3. How does the NDAA affect state AI legislation?
Lawmakers are attempting to add provisions to the National Defense Authorization Act (NDAA) that would legally prohibit states from regulating AI. If passed, this defense bill would strip states of their authority to set consumer protection standards for artificial intelligence.
4. What are the criticisms of the Trump AI policy regarding preemption?
Critics argue that the administration's strategy uses preemption to deregulate the industry rather than standardize safety. By blocking states and installing a "light-touch" federal regime, opponents fear consumers will be left without protection against deepfakes or algorithmic bias.
5. Will federal regulation require age verification for AI?
It is a strong possibility. Many federal proposals focusing on "child safety" include mandates for age verification. Privacy advocates worry this will force users to provide government ID to access basic AI tools, regardless of state AI legislation preferences.
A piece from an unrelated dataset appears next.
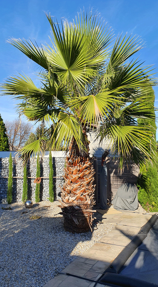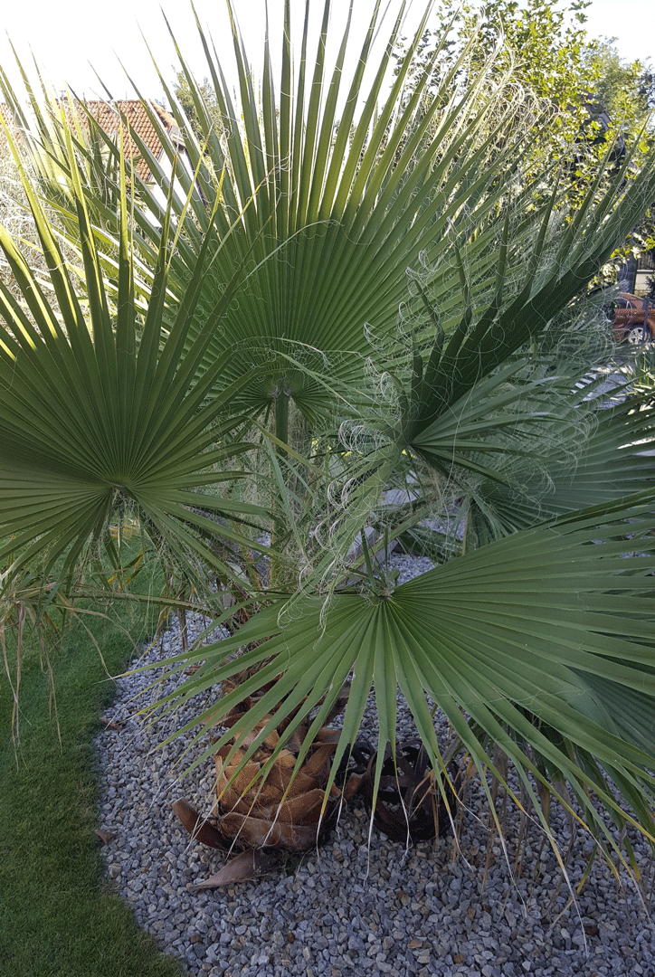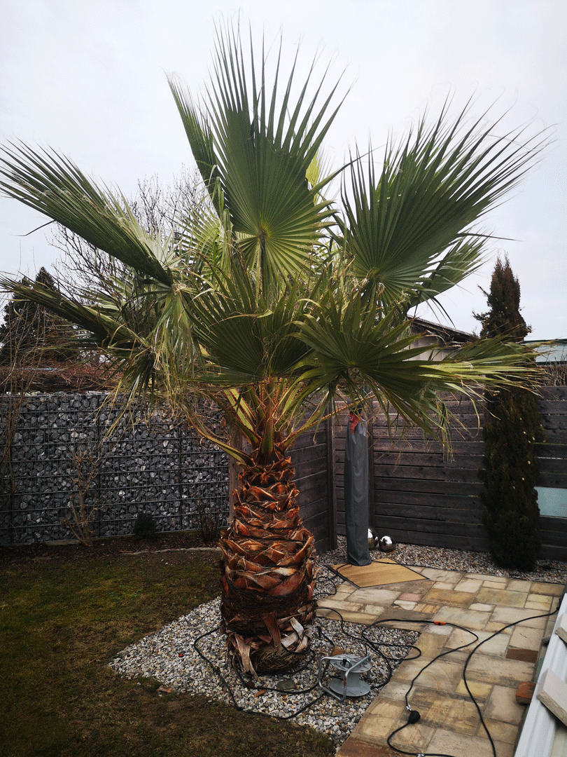 Wir haben unsere erste Washingtonia im Frühjahr 2014 ausgepflanzt. Zwei weitere Exemplare sind im Februar 2017 noch dazu gekommen. Diese Palmen wachsen, wenn sie ausgepflanzt sind, eher schnell und bilden imposante Blätter - kein Vergleich zu den Topfpflanzen. Sie benötigen in der ersten zeit relativ viel Wasser, bis ihre Wurzeln das Grundwasser erreicht haben.

6. Can states legally resist federal preemption?
Yes, but it requires litigation. State Attorneys General often sue the federal government when preemption threatens their police powers. However, if the Trump AI policy is enacted via Executive Order rather than Congressional law, it will be much easier for states to overturn in court, as only Congress can preempt state law under Article I of the Constitution.